La régression spontanée de grossesse ectopique a été
observée la première fois en 1995 par LUND (8) dans 57%
des cas chez 119 patientes hospitalisées sur une longue
période. Selon certains auteurs cette éventualité de régression spontanée de certains cas de grossesse ectopique doit
faire inscrire l’abstention thérapeutique dans un arbre décisionnel des traitements de la grossesse ectopique. Cette
attitude d’abstention thérapeutique doit être proposée lorsque le taux initial d’HCG est inférieur à 1000 mu/ml suivi
d’une régression 48 heures plus tard (9). Plusieurs auteurs
ont rapporté en cas d’abstention thérapeutique devant des
grossesses ectopiques à faibles taux d’HCG, des taux de
régression spontanée variant entre 60 et 100% (10-17).
Notre observation peut s’inscrire dans les cas de grossesses
ectopiques à faible taux d’HCG évoluant spontanément
vers la régression. Les légères douleurs pelviennes que la
patiente a eues correspondent au tableau clinique souvent
asymptomatique des grossesses éctopiques régressives (9).
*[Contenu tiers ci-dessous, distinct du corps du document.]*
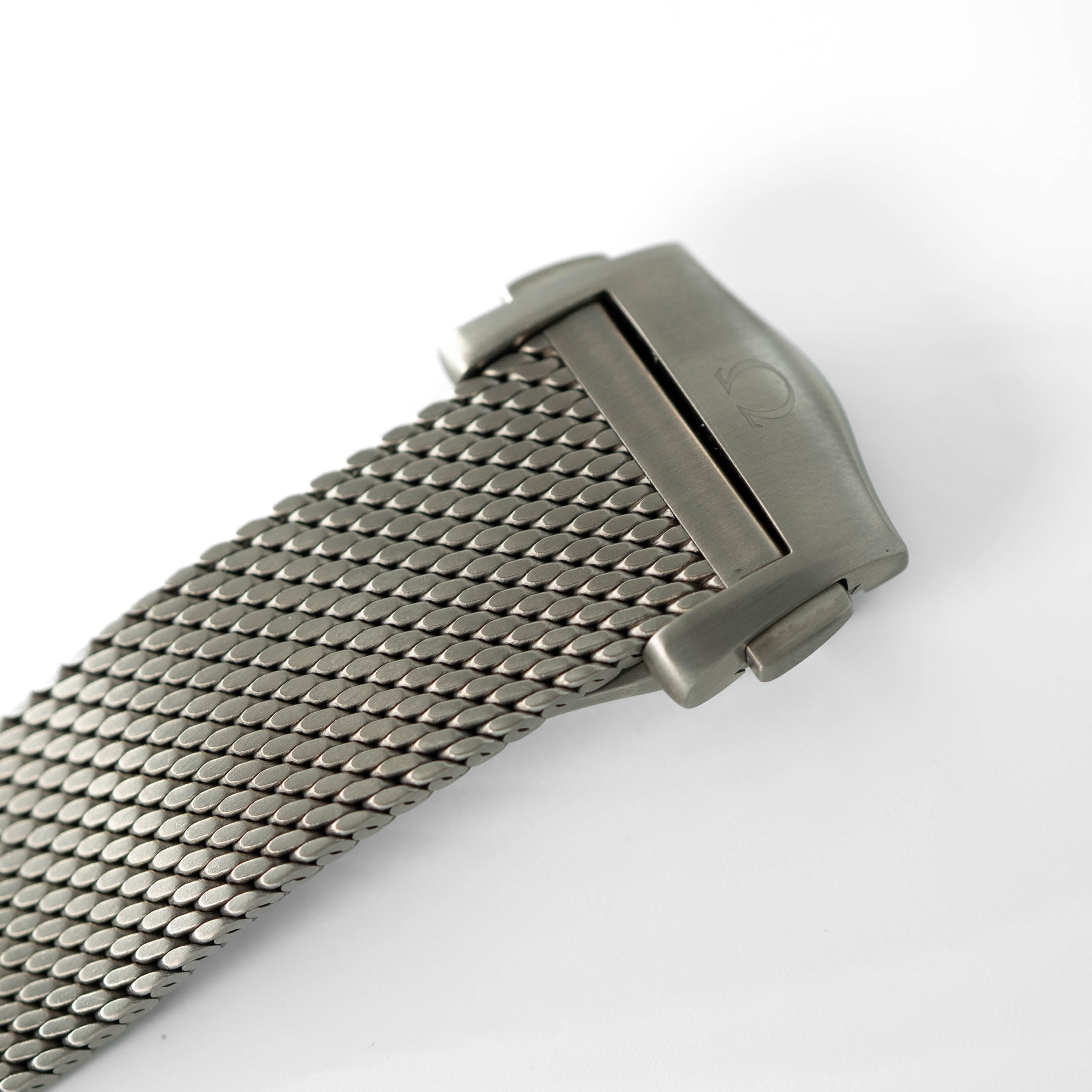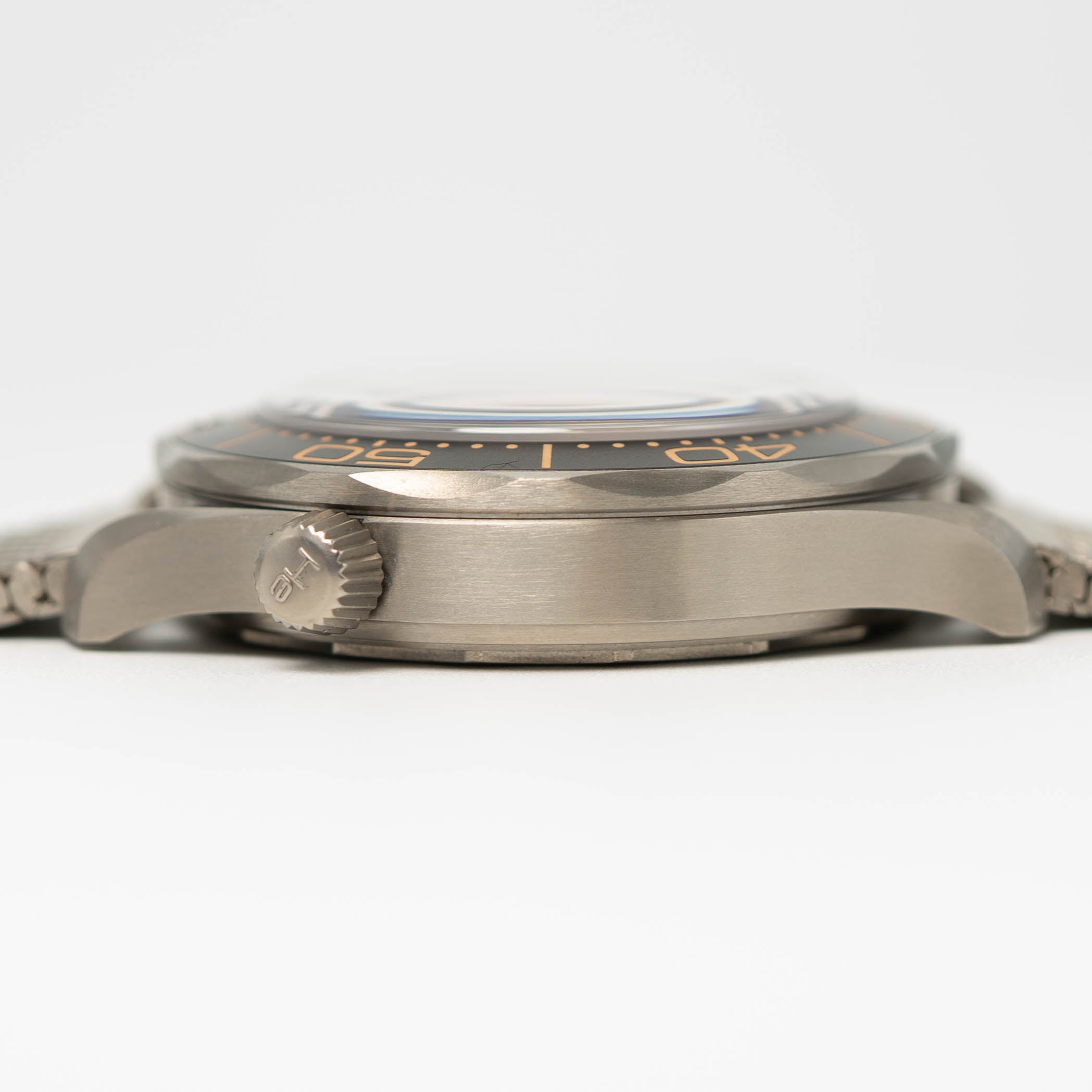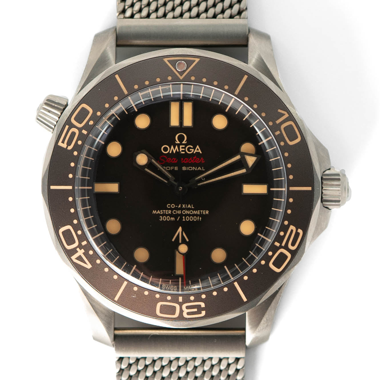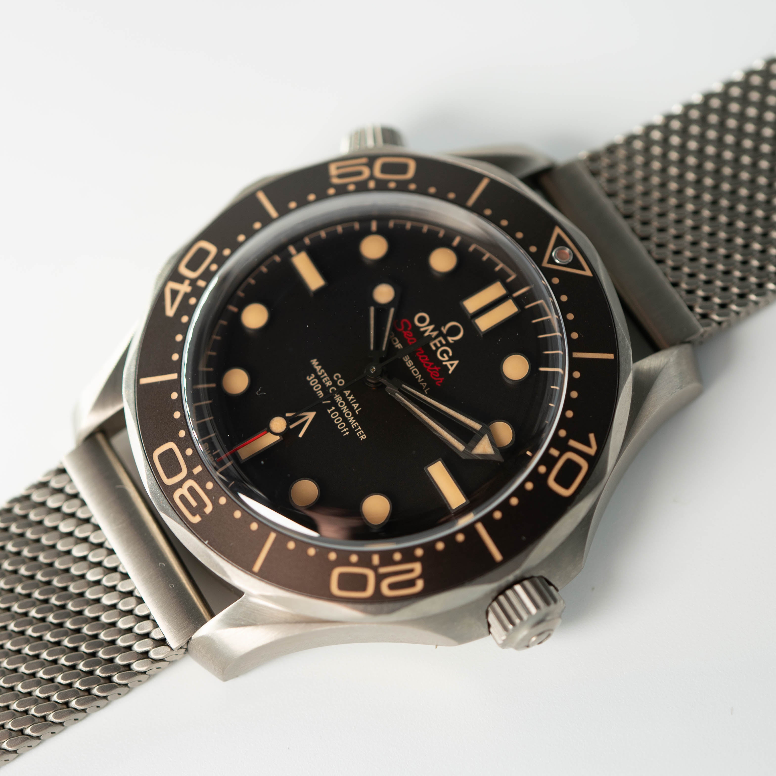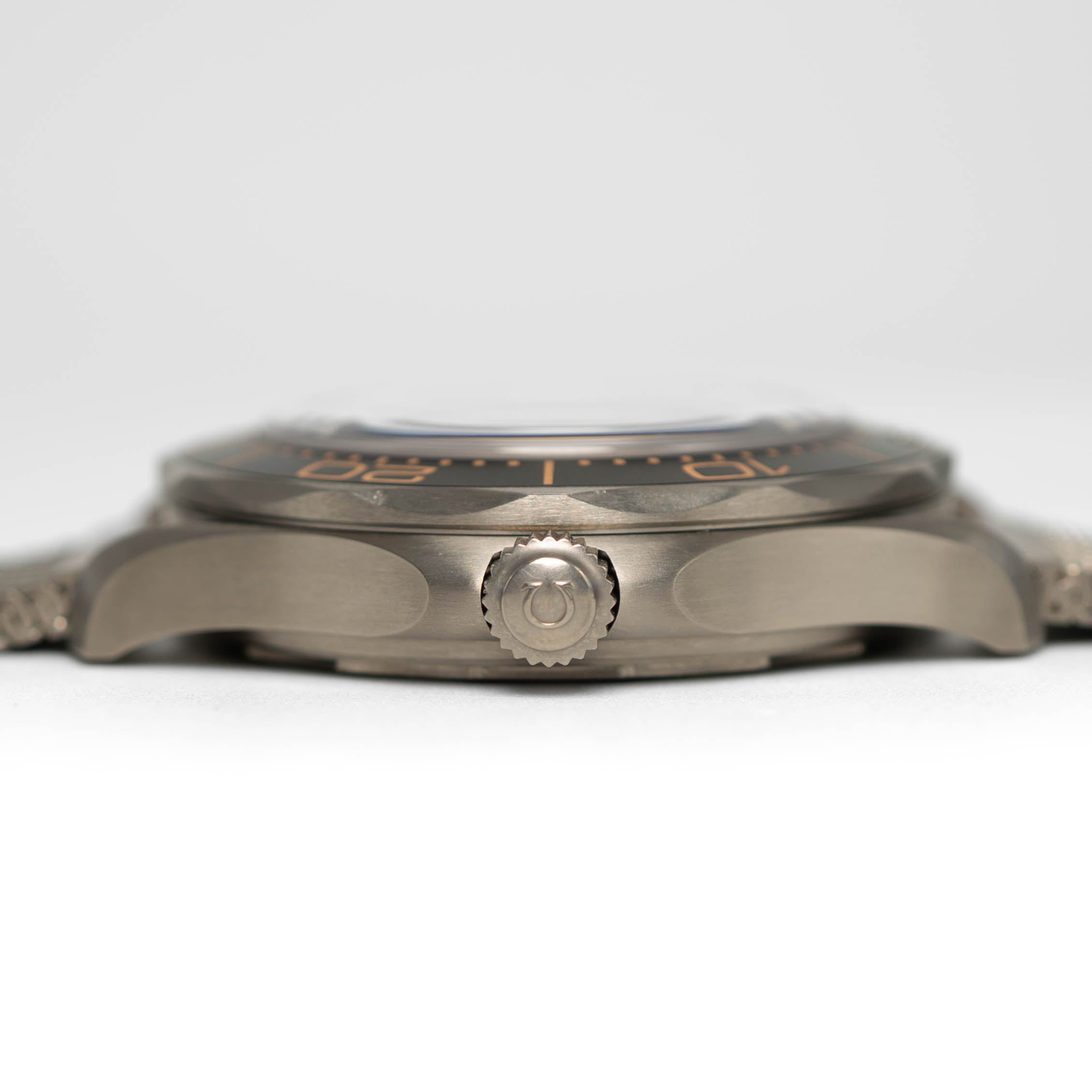 The Omega Seamaster Diver 300M 210.90.42.20.01.001, famously known as the “No Time To Die” edition, combines professional dive-watch capability with lightweight military-inspired engineering and cinematic heritage. Crafted entirely from Grade 2 titanium, the 42 mm case and mesh bracelet deliver exceptional strength while remaining noticeably lighter on the wrist than traditional steel models.

Dans notre observation nous avons réalisé la réimplantation tubaire sitôt après la cystectomie à cause de la localisation cornuale de la grossesse ectopique et aussi du fait que
la trompe restante ne présentait macroscopiquement aucun
signe d’infection. Le choix de la méthode thérapeu-tique
entre la chirurgie radicale et la méthode conservatrice en cas
de la GEU a été diversement discuté au cours des dernières
années. Une tendance soutenue par les constatations
cliniques se dessine actuellement pour la conservation tubaire. Parmi ces constatations on peut rete-nir celles de
LEMOINE et Coll. (17) qui ont noté que 30 fois sur 34 la 2è
grossesse extra-utérine s’est développée sur la trompe
restante après la salpingectomie, ce qui selon les auteurs doit
inciter à élargir les indications du traitement chirurgical
conservateur lorsque les conditions le permettent. Nous
estimons que le choix de la méthode thérapeutique entre la
chirurgie radicale et conservatrice en cas de grossesse ectopique doit dépendre essentiellement des facteurs tels que
l’état tubaire, l’âge et la parité de la patiente.
CONCLUSION
Cette observation suggère l’attention qui doit être portée
chez les patientes présentant un épisode d’aménorrhée sans
signes cliniques évocateurs de grossesse ectopique. Elle
illustre d’une part la possibilité de régression spontanée de
grossesse ectopique et d’autre part les difficultés de la pratique médicale dans le contexte d’un pays en développement. L’amélioration des infrastructures sanitaires au
Cameroun devraient permettre d’intégrer d’une façon systématique l’échographie endo-vaginale et le dosage immunologique de l’hormone choriogonadotrophique (HCG)
dans le diagnostic précoce de la grossesse ectopique.